Now Offering: MySQL on HP-UX Itanium 2

MySQL AB Tuesday said it has tweaked its database to run on HP’s HP-UX 11.i v2 operating system on the Intel Itanium 2 processor for 64-bit systems, possibly paving the way for a pairing of the most popular open-source database with a promising chip architecture.

MySQL 4.0, which already supports other HP-UX platforms, IBM AIX, Sun Solaris, all major Linux distributions and Microsoft Windows, can now help HP-UX Intanium 2 users run enterprise applications that require heavy lifting and power.

These include SAP or Siebel applications for enterprise resource planning (ERP) and customer relationship management (CRM), which require large amounts of data.

HP has been trumpeting servers and operating systems based on Itanium 2 chips more fervently than other server vendors to date. Itanium 2 chips are designed for handling terabytes of data with high performance achieved through 64 bits of available address space.

MySQL’s endorsement of HP’s Itanium 2-based OS could further validate HP’s positioning that Itanium 2-based environments are blossoming as the industry moves closer and closer to relying on 64-bit systems for enterprise-grade tasks.

MySQL is rushing to crank out new developments, or even new versions, two weeks ahead of LinuxWorld Conference and Expo.

Sweden’s MySQL, which is preparing to unveil an early test version of MySQL 5.0 next week, is also prepping early support for the Windows operating system on the Itanium 2 in MySQL 4.1, the current test version of the MySQL database software.

MySQL aims to compete with Microsoft SQL Server, Oracle’s 9i Database and IBM’s DB2 in certain circles.
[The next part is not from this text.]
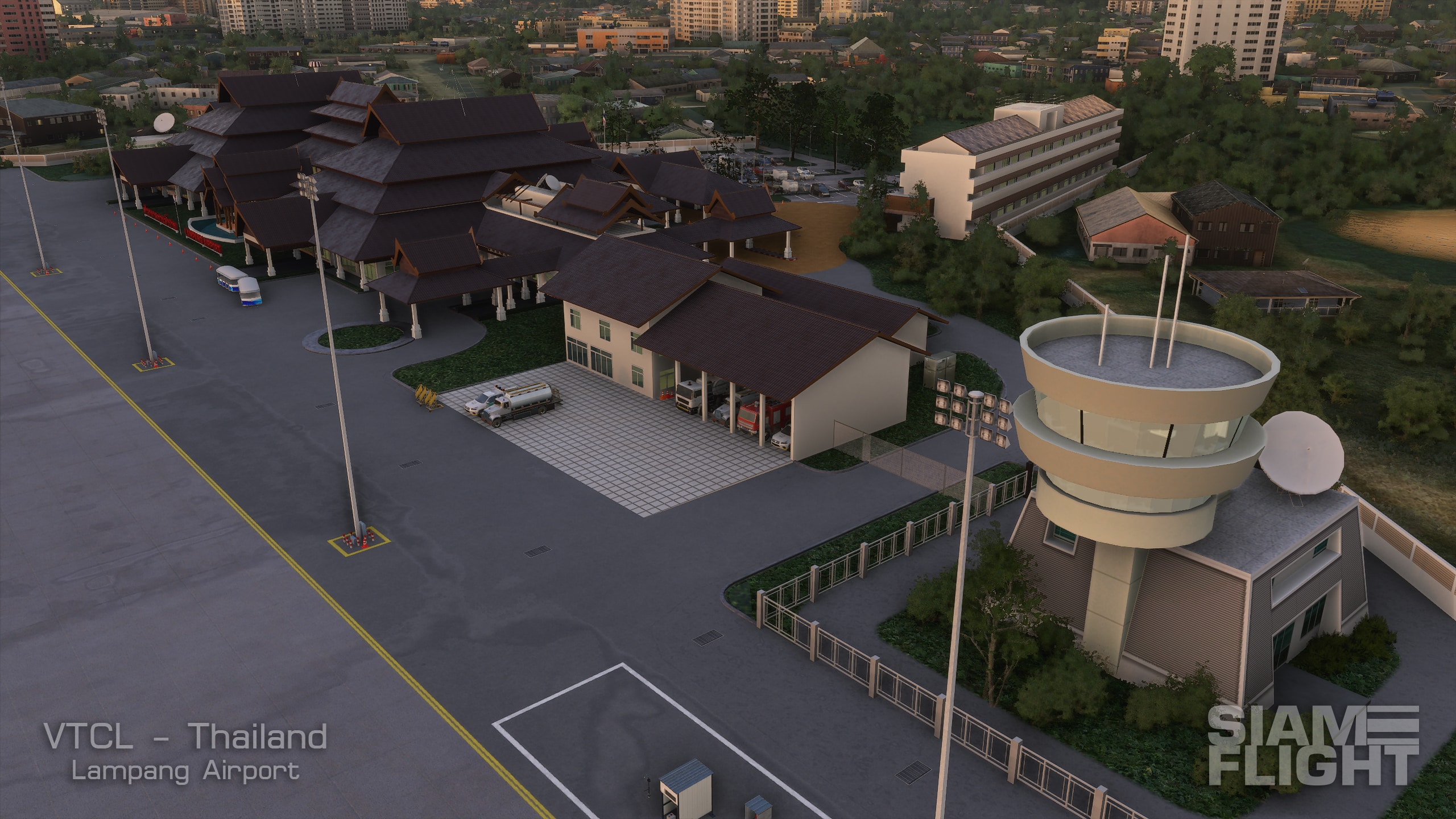 In Thailand, the airport of VTCL Lampang can receive medium range airliners and it has beautiful buildings modelled for MSFS by Siamflight.
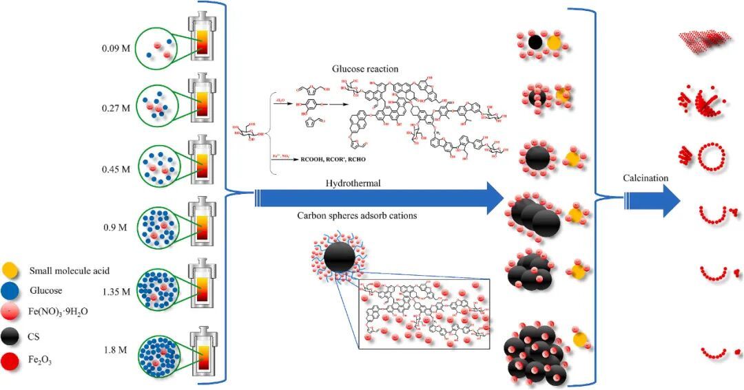 通过调节反应体系中的葡萄糖浓度,可以精确控制Fe2O3结构的形成过程和最终形貌:在低浓度(<0.45M)下,形成纳米颗粒,在中等浓度下,动态平衡机制促进碳层均匀包裹核心并自组装成规则的微球结构;而在过高浓度(>0.45M)时,由于碳层的过度生长,结构变得不稳定。在反应过程中,葡萄糖氧化产生的有机酸与Fe3+或Fe2+(Fe3+还原)结合形成金属有机中间相,该中间相的热力学演化最终产生Fe2O3。Fe-0.45的最终形貌光滑圆润,平均粒径为2.88μm,平均孔径为20.3nm,比表面积为20.1m2/g。

Most analysts recognize MySQL as a solid database geared for smaller workloads, such as small businesses or departments within larger companies, as they say it lacks certain features major enterprises require.

MySQL, whose dual licensing business model allows users to choose between free open source use and paid implementations, currently boasts more than 4 million active installations.

But the company received a boost from a database development survey from Evans Data, which found that although Microsoft SQL Server and Access continue to dominate database development, MySQL is gaining strength.

Microsoft SQL Server and Access usage has grown by six percent while MySQL usage has growm more than 30 percent in the last year, according to the market researcher.

“Concerns over stability, expense and how well a database plays with others are leading a quickly growing number of developer’s companies to seriously consider and implement an open source database solution; we expect this trend to continue as the open source offerings are continually improved upon,” said Joe McKendrick, Evans Data’s database analyst.